Debugging Guide

Debugging Guide#

This guide covers debugging AReaL training applications, including:

Debugging your agent workflow (i.e., rollout) with a persistent inference server
Comparing rollout results between Transformers and inference engines
Diagnosing training hangs and deadlocks with py-spy

Debugging agent workflows with a Persistent Inference Server#

In AReaL, any class with the method signature async def run(self, data, **extra_kwargs) is recognized as an agent workflow. This method can use arbitrary agentic frameworks internally and must return a scalar or a dict of rewards assigning the credit for each LLM interaction. See Agentic RL guide for more details.

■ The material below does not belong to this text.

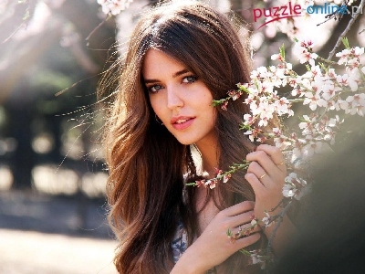 Puzzle Kwitnące, Piękna, Kobieta, Drzewo
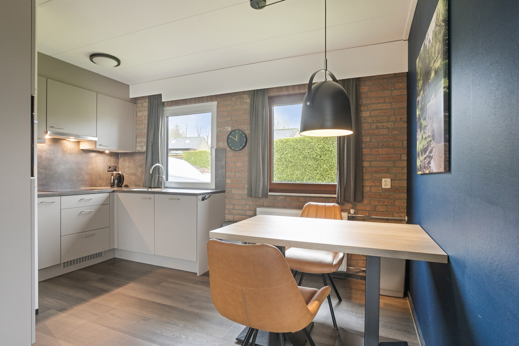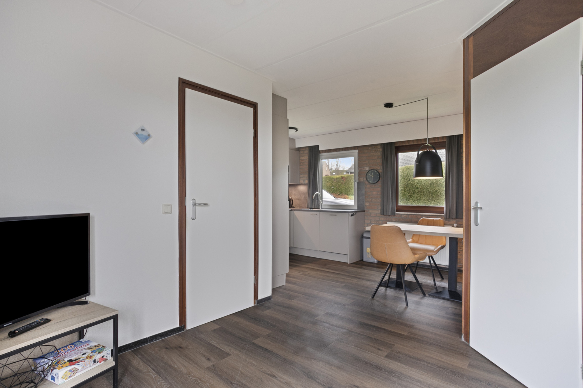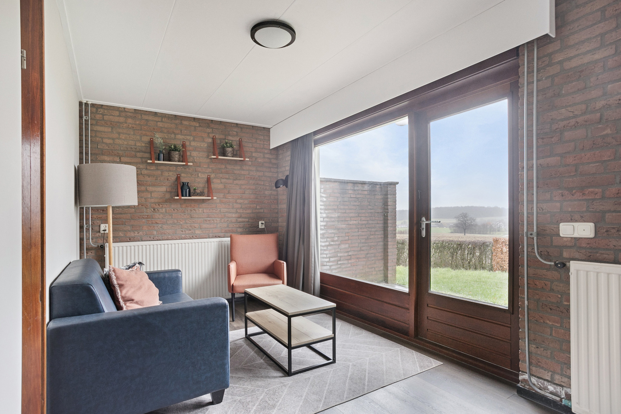 Kleine hal met de toegang tot de badkamer met vaste wastafel, toilet, designradiator en douchecabine. Vanuit de hal kom je in de woonkamer waarvan je een prachtig uitzicht hebt op de omgeving. De openkeuken uitgerust met inductiekookplaat, vaatwasser, afzuigkap, koelkast met vriesvak en combimagnetron. In de keukenstaat een gezellige eettafel met uitzicht naar buiten. Er is een ruime tweepersoonsslaapkamer met boxspringbedden en hang en legkast. Vanaf het terras wat toegankelijk is vanuit de woonkamer heeft men prachtig uitzicht op Duitsland en het glooiende landschap. Naast de ingang is nog een kleine berging waar de cv-installatie is ondergebracht.

You can use the official OpenAI/Anthropic API or launch a standalone, persistent inference server for your agent’s generation logic, enabling repeated testing without system restarts.

Benefits:

Lightweight - Your debug program runs on CPU while inference runs on the provider’s GPU
IDE-friendly - Works seamlessly with VS Code’s Python debugger and other IDEs
Fast iterations - No server restarts needed between debugging sessions

1. (Optional) Launch the Standalone Inference Server#

NOTE: You can skip this step if you want to use official model providers for debugging

This example uses sglang, but any framework that exposes OpenAI/Anthropic HTTP endpoints works (e.g., vllm).

Start your server following the official documentation:

nohup python3 -m sglang.launch_server --model-path qwen/qwen2.5-0.5b-instruct --host 0.0.0.0 --port 8080 --log-level warning > llm_server.log 2>&1 &

Once it’s running, you’ll find the server address in the log:

[2026-02-06 15:38:30] INFO:     Uvicorn running on http://0.0.0.0:8080 (Press CTRL+C to quit)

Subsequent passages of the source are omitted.